Are These 5% Dividend Yields Safe?

Shares of IGM Financial Inc. (TSX:IGM), TransAlta Corporation (TSX:TA)(NYSE:TAC) and Crescent Point Energy Corp. (TSX:CPG)(NYSE:CPG) all pay generous dividends. Can investors count on them to continue?

| More on:
The Motley Fool

In today’s low interest rate environment, one word seems to dominate the discussion whenever I talk to investors—yield.

In a world where five-year GICs yield less than 2% and government bonds yield even less, it’s little wonder why investors are interested in stocks that pay more than 5% annually. Even if they’re not looking to spend the income, reinvesting a nice dividend is an effective way of diversifying a portfolio. Plus, if you compare the tax consequences, a 5% dividend is like earning a return of 6.5% from a bond or GIC.

But investors often get a little greedy when it comes to yield. Instead of getting a 4-5% dividend that’s safe, they’ll stretch and choose a stock with a 6-7% yield that doesn’t have the free cash flow to support such a generous payout. This is the kind of mistake that can ultimately do some pretty serious damage to a portfolio, since stocks tend to plunge anywhere from 5-20% in reaction to a dividend cut.

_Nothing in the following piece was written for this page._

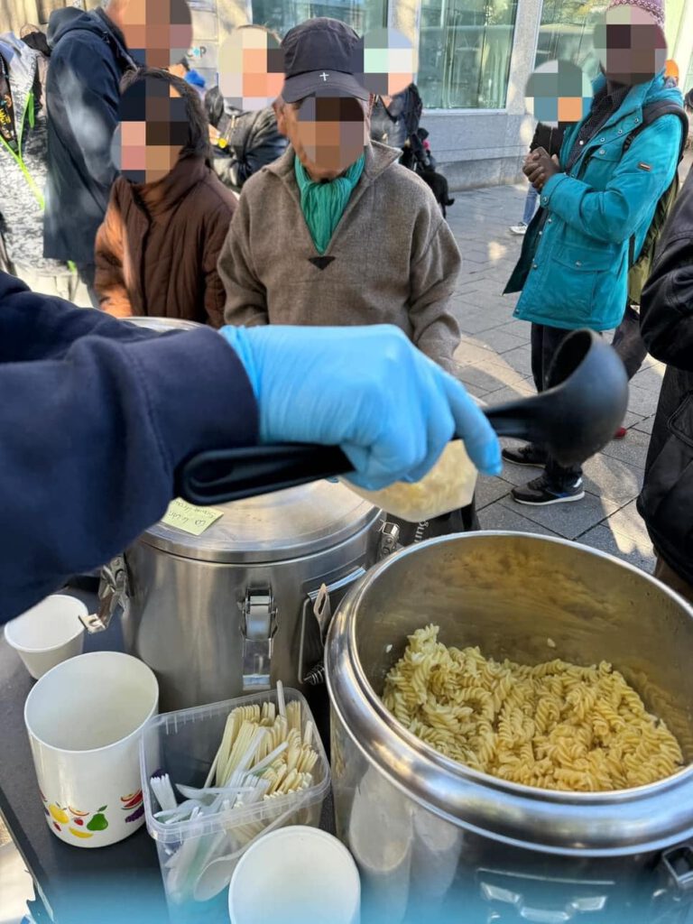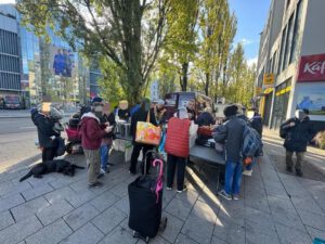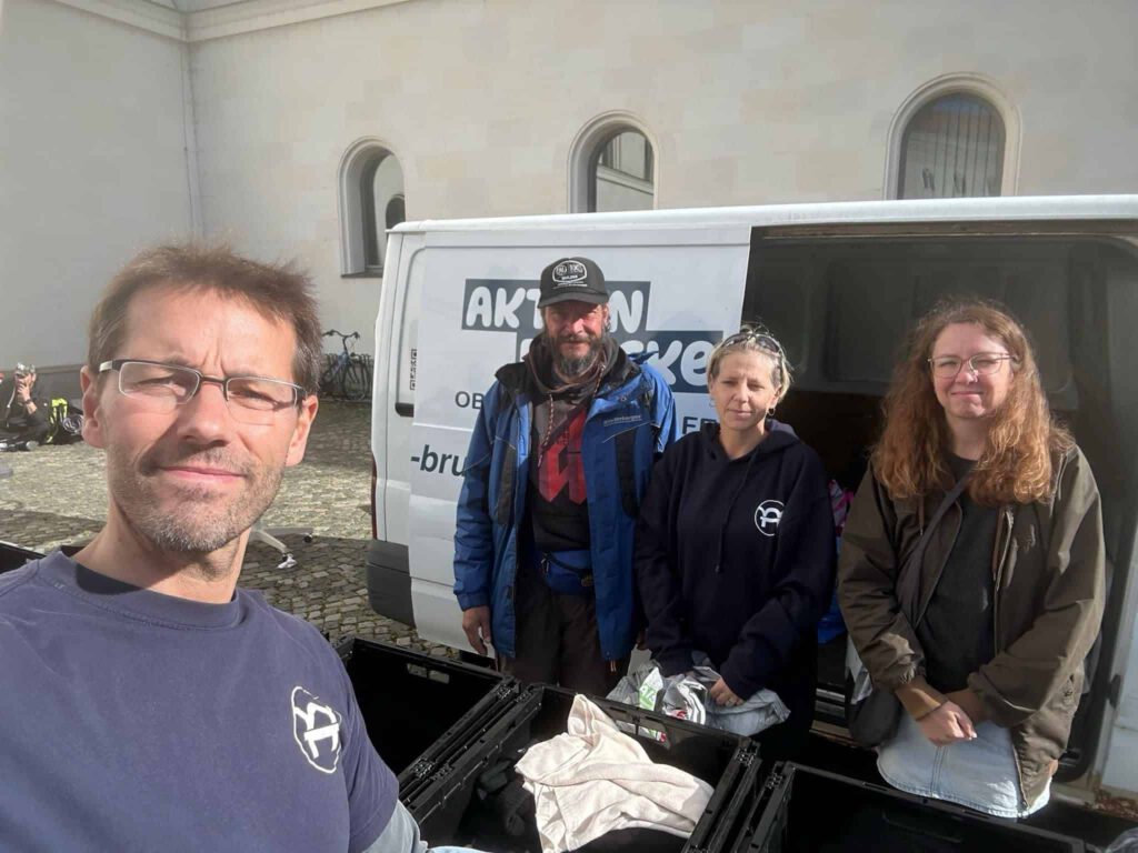 Gestern trafen wir an all unseren Stationen auf etliche neue Gesichter. Viele Menschen sind gerade frisch auf der Straße gelandet. So auch eine Frau mittleren Alters, die durch Zufall auf unsere Ausgabe traf. Bekleidet war sie in einem dünnen Oberteil und einer Hose die nicht ganz bis zum Knöchel reichte. Jacke, Socken und Schuhe fehlten gänzlich. Auch sie war ganz frisch erst obdachlos geworden und ihre Verzweiflung sowie ihre Anblick, trieb dann auch einer unserer Kolleginnen die Tränen in die Augen.

With that in mind, let’s take a closer look at three high-yielding stocks to see whether investors can count on the dividends to continue.

IGM Financial 

IGM Financial Inc. (TSX:IGM) is the parent company of Investors Group, one of Canada’s leading wealth managers with more than 5,000 consultants nationwide. The company sells mutual funds, insurance, mortgages, and financial planning services to Canadians.

It’s been a great business for years and has paid investors steady dividends since 2002. But as the popularity of mutual funds have declined in favour of exchange-traded funds and other lower-cost options, the company is having challenges growing assets under management. Additionally, more strict disclosure laws are coming into place possibly as early as 2016, which will require an advisor to do a much better job telling a client the total cost to their portfolio. That’s bad news for a company dependent on expensive mutual funds.

But it’s not all bad news for investors. The company still has nearly $150 billion under management and trades at a pretty reasonable 15 times earnings. Plus, it pays investors a generous 5% dividend.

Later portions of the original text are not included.